Die defensiveren Pipeline-Unternehmen erscheinen uns aufgrund der niedrigen Bewertungen sowie der hohen Eintrittsbarrieren ebenfalls interessant. Die hohen spekulativen Investments in Rohölkontrakten bedeuten, dass kleinste Verbesserungen der Angebots-/Nachfragesituation bereits starke Preisbewegungen auslösen können. Mittels aggressiveren Satelliten im Portfolio versuchen wir, taktisch von solchen Phasen zu profitieren. Der Öl-Dienstleistungsbereich wird im Portfolio aufgrund der starken Überkapazitäten und des hohen operativen Leverage der Firmen untergewichtet. Vor allem die Offshore-orientierten Firmen erscheinen weniger attraktiv, da sich der Markt für diese Unternehmen unseres Erachtens strukturell verändert hat aufgrund der hohen Kosten der Ölproduktion im Offshore-Bereich.
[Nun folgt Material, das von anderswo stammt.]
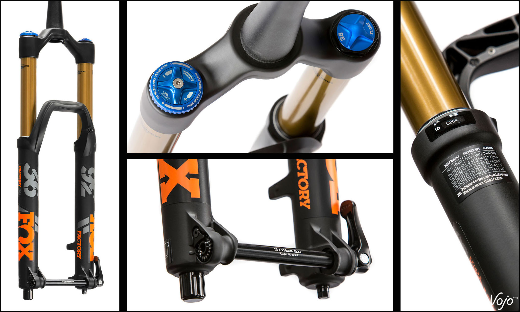 Cette nouvelle 36 sera disponible en trois débattements pour les roues de 27.5″ (150, 160 et 170mm), deux pour le 29″ (150 et 160mm) et deux pour ceux qui roulent encore en 26″ (160 et 180mm). Ces derniers pourront même opter pour un pivot droit en 1″1/8 à la place du désormais traditionnel pivot conique ! Fox continue également à proposer un chassis spécifique e-bike, adapté aux contraintes occasionnées par le surpoids des vélos électriques et qui se distingue par une rigidité encore accrue ainsi que l’ajout de matière à certains endroits particulièrement sollicités.

Bitte erläutern Sie die Chancen/Entwicklungen für den Sektor, der Ihnen am aussichtsreichsten erscheint.

Paolo Zagaria: Die Klimakonferenz von Paris im Dezember 2015 wie auch die Entwicklungen im Bereich der elektrischen Fahrzeuge deuten darauf hin, dass ab 2020 mit einem schwächeren Wachstum der Rohöl-Nachfrage zu rechnen ist. Erdgas hingegen dürfte aufgrund der tieferen CO2-Emissionen den Anteil am Energiekuchen mittelfristig ausbauen und damit nachfrageseitig stärker und nachhaltiger wachsen. Aktuell leidet das Erdgassegment unter demselben Überangebot wie der Ölbereich. Die Angebotskürzungen sind aber auch hier langsam ersichtlich. Die Investitionen der Vergangenheit werden den Markt noch einige Zeit überversorgen, dennoch sollte die Anpassung aufgrund der stärkeren Nachfrage nachhaltiger sein. Reine Erdgasproduzenten wie auch integrierte Firmen mit hohem Erdgasproduktionsanteil erscheinen unter diesen Rahmenbedingungen sehr attraktiv bewertet. Dennoch sollte auch in diesem Segment auf Qualität gesetzt werden.